Moneybox

Romney/Ryan 2012 Means We’ll Ignore the Biggest Issue of Our Time

The man with a plan.

Photo by SAUL LOEB/AFP/GettyImages

Apologies for being late on the scene, but Mitt Romney chose to announce his VP pick on the first day of my vacation in Maine, and I had some travel snafus last night. At any rate, I am not a fan of Paul Ryan, but it’s easy to see why both conservatives and the Obama campaign are fans of this pick. They’re fans for the same reason, because putting Ryan on the ticket tends to cement the idea of the 2012 election as a choice between two competing ideological visions. Romney and Ryan will run on the principle that federal revenue should stay at its long-term historical average, even if that means completely abrogating the federal government’s longstanding commitment to the living standards of the elderly and to playing a certain role in financing of infrastructure and education nationwide. Obama and Biden will run on the principle that we should try to more or less find ways to keep meeting the programmatic commitments the federal government has upheld for the past 50 years.

There’s an ineluctable math built into the current federal budget that is forcing choices onto the table that make everyone think their own plan is moderate and their rivals are wild-eyed radicals. Never overestimate the impact of a vice presidential pick on a presidential campaign, but insofar as choosing Ryan makes a difference, the difference is to further focus attention on this choice.
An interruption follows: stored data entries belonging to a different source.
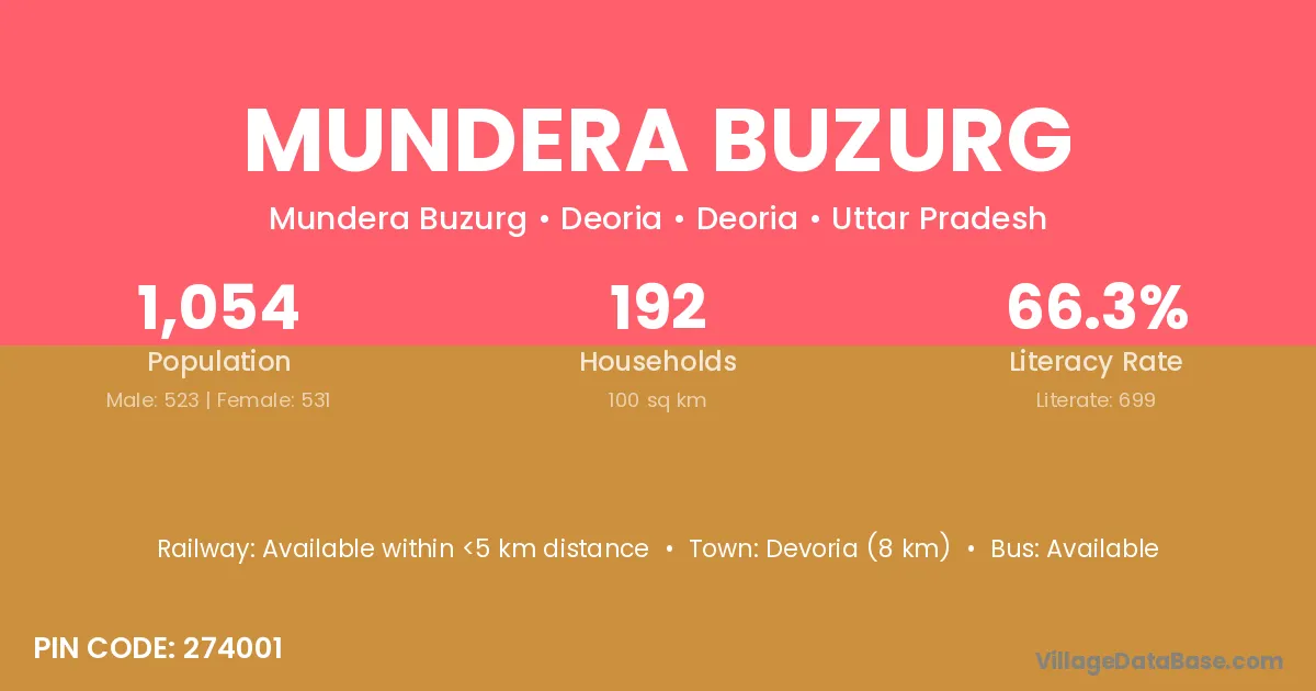 Devoria (8 km) is the nearest town to Mundera Buzurg village for major economic activities and is located approximately 8 km away.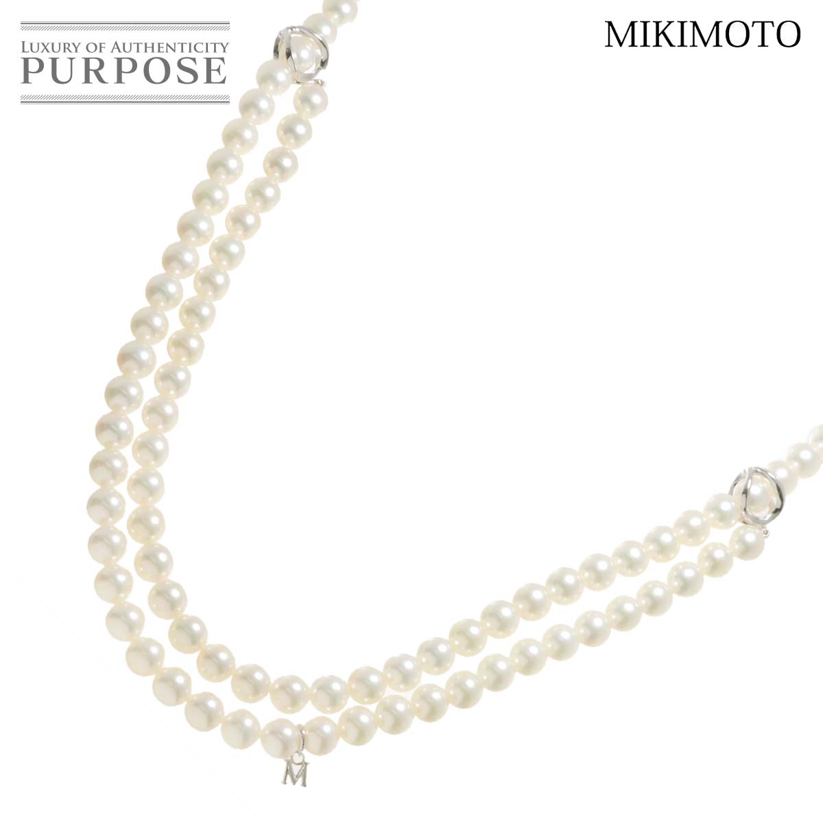 ■ミキモト MIKIMOTO アコヤ真珠 7.3-7.0mm インフィニティ ロング ネックレス 84cm K18 WG 750 レディース 90301869 【中古】BJ
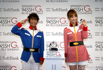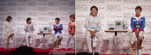 纪念发售典礼在今天于秋叶原举办,现场有和阿姆罗・雷这个角色非常熟稔的声优古谷 彻和艺人小仓优子小姐登场。边用自己的双手感觉手机和原创高达模型,一边热烈地诉说其魅力。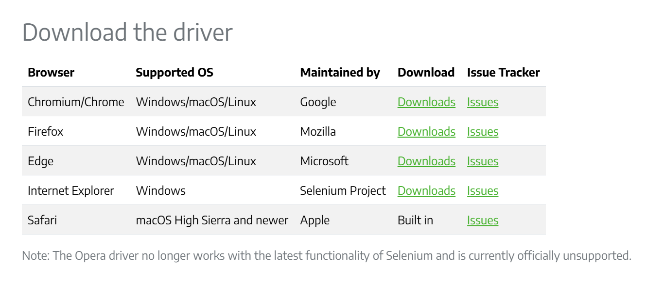 https://www.selenium.dev/documentation/webdriver/troubleshooting/errors/driver_location/通过该链接就能直接进入Selenium官网下载不同浏览器的驱动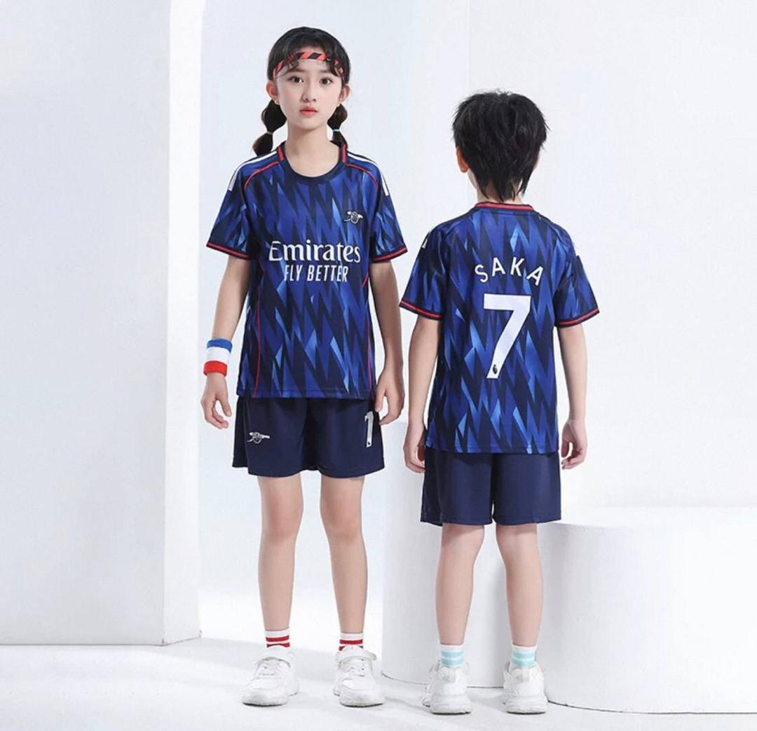 تیشرت و شلوارک ساکا آرسنال – لباس دوم آبی ترکیبی از کیفیت بالا، راحتی و استایل اسپرت منحصر به فرد است.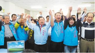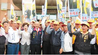 “立委”徐耀昌(前排左三)由支持者簇拥,登记初选。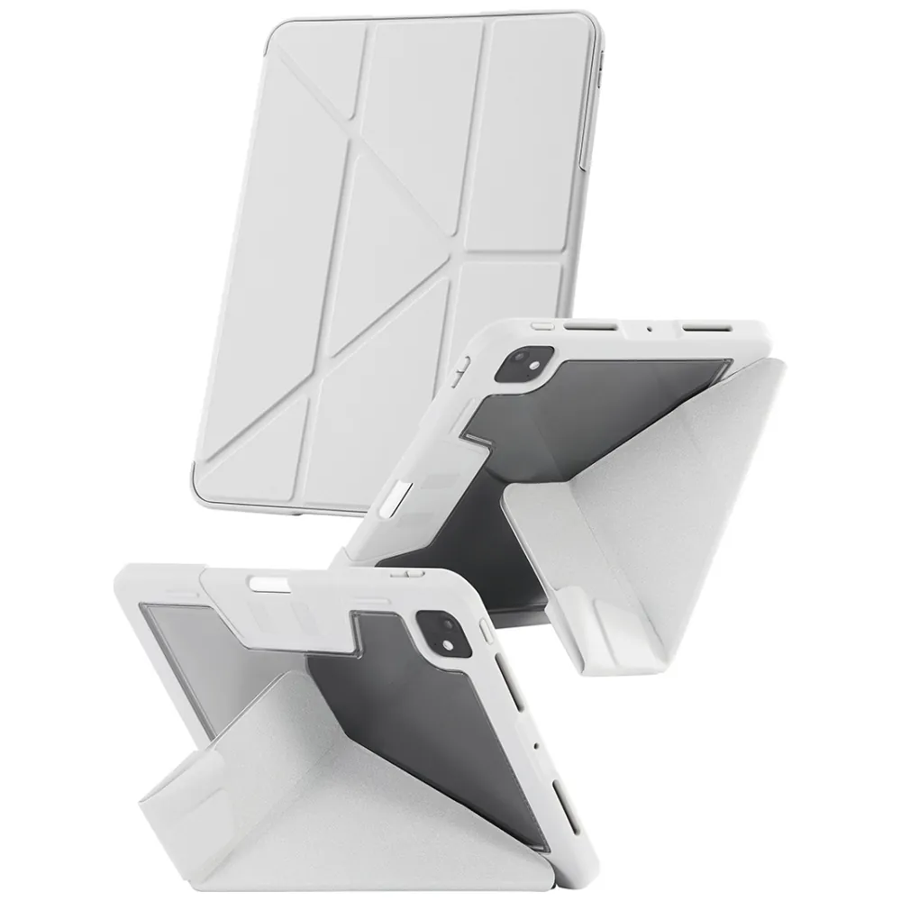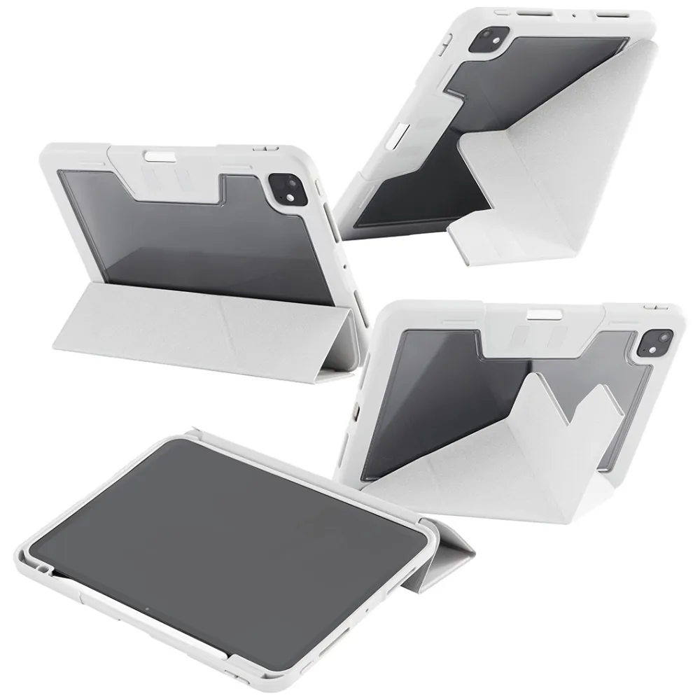 Wzmocnione narożniki etui skutecznie amortyzują uderzenia, chroniąc iPada z każdej strony. Materiały pochodzące z recyklingu, takie jak PC, TPU i 35% PU, tworzą trwałą, a jednocześnie elegancką powierzchnię. Ponadto jasnoszary kolor z przezroczystymi pleckami dodaje nowoczesnego charakteru. To ochrona, która nie tylko działa, ale też zachwyca.
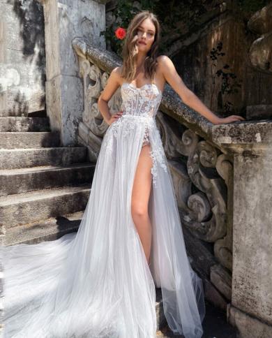 A Line Lace Appliqué Beach Wedding Dress Ladies Elegant Sweetheart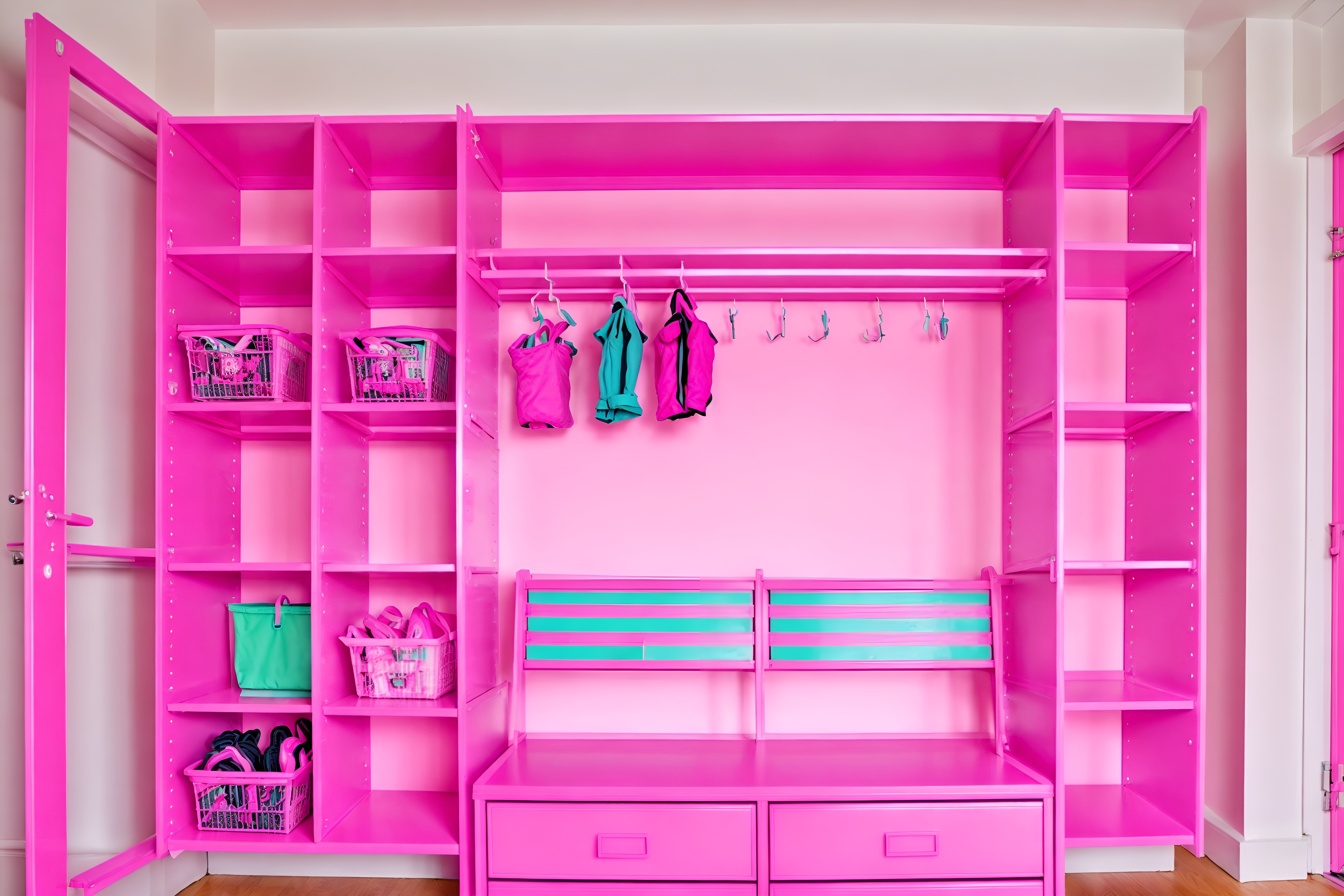 photo from pinterest of hot pink-style interior designed (drop zone interior) with shelves for shoes and lockers and a bench and high up storage and storage drawers and storage baskets and wall hooks for coats and cabinets. . with barbie plastic interior and hot pink barbie colors and hot pink barbie walls and barbie closet and barbie sofa and barbie bold rosy hues like fuchsia and magenta and barbie glitter and sparkle and barbie chairs. . cinematic photo, highly detailed, cinematic lighting, ultra-detailed, ultrarealistic, photorealism, 8k. trending on pinterest. hot pink interior design style. masterpiece, cinematic light, ultrarealistic+, photorealistic+, 8k, raw photo, realistic, sharp focus on eyes, (symmetrical eyes), (intact eyes), hyperrealistic, highest quality, best quality, , highly detailed, masterpiece, best quality, extremely detailed 8k wallpaper, masterpiece, best quality, ultra-detailed, best shadow, detailed background, detailed face, detailed eyes, high contrast, best illumination, detailed face, dulux, caustic, dynamic angle, detailed glow. dramatic lighting. highly detailed, insanely detailed hair, symmetrical, intricate details, professionally retouched, 8k high definition. strong bokeh. award winning photo.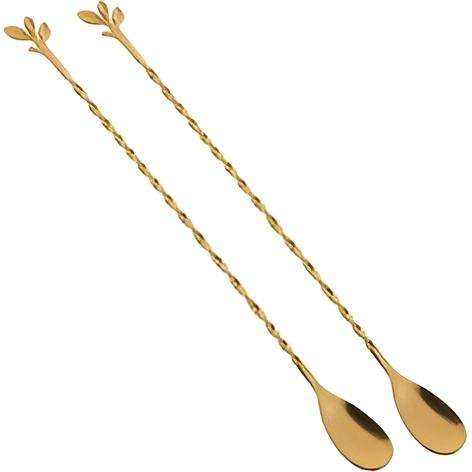ที่กวนค็อกเทลทำจากโลหะสำหรับเครื่องดื่มช้อนผสมภาชนะสำหรับงานปาร์ตี้ที่คนค็อกเทลชุบทอง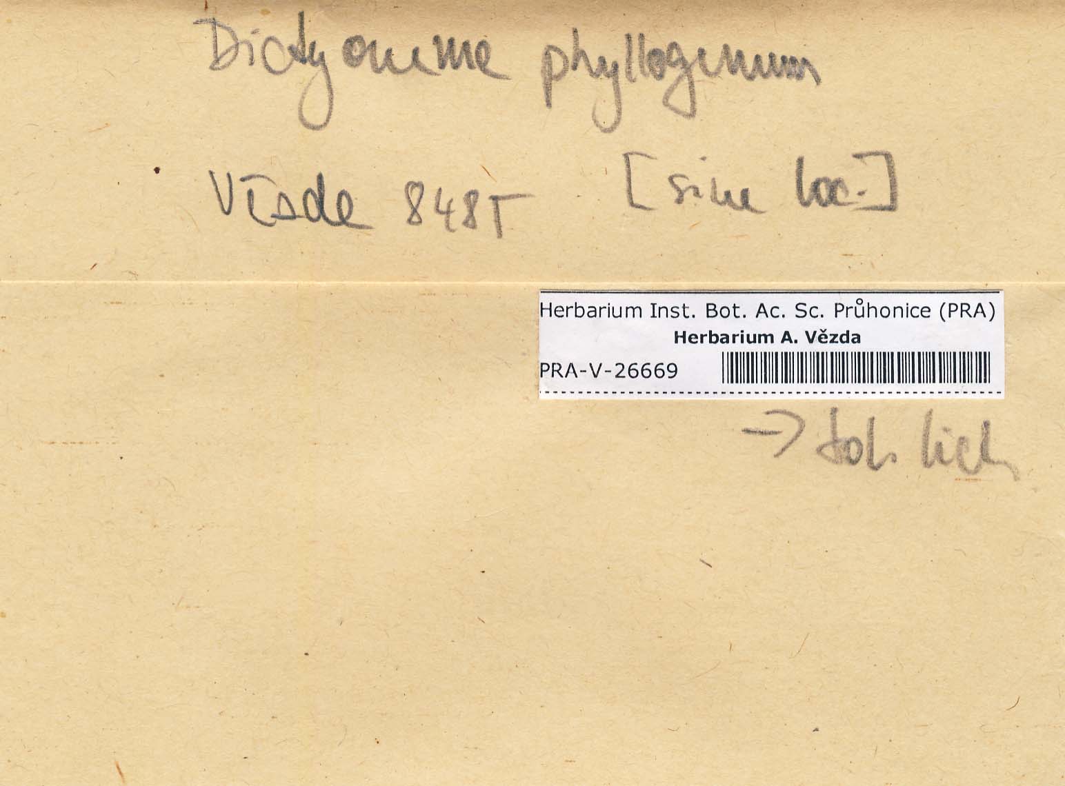 - Deposited in parcel Lichenes foliicoli 2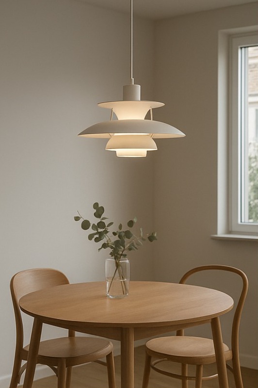 Dale un toque elegante y minimalista a tus espacios con esta lámpara colgante de diseño moderno. Su estructura metálica en acabado blanco mate, combinada con aros decorativos cromados, ofrece un estilo sofisticado que se adapta perfectamente a comedores, salas, cocinas u oficinas. Gracias a su pantalla en capas, la luz se distribuye de manera uniforme y sin deslumbramientos, creando un ambiente cálido y confortable. Además, cuenta con cable regulable que permite ajustar la altura según tus necesidades.

But attention is to an extent a zero-sum game. And focusing attention on the big-picture disagreement between Democrats and Republicans about long-term fiscal policy means we won’t be focusing attention on what ought to be the most pressing economic policy issue of our time—mass unemployment and the tragic waste of human and economic potential it represents. To be sure, politicians will still talk about this. But obviously Obama would prefer at this point to talk about long-term vision and the contrast between his “balanced approach” and the GOP’s cut-cut-cut approach. With Ryan on the ticket, he more and more gets his way. Which means conservatives also get their way. Romney doesn’t just run as “Mr Fix-It” who’ll clean up the mess, he’s running as an ideological candidate with a major vision for changing the country. But that means the terrible economic performance since 2009 and the large jobs deficit built up during that period are going to receed further into the rearview mirror. Romney is essentially conceding that the past 18 months of 150,000 jobs per month are good enough to get Obama re-elected, and he needs to wage a campaign about something bigger.

Which means that, a bit weirdly, the issue that ought to dominate the campaign is going to fade into obscurity.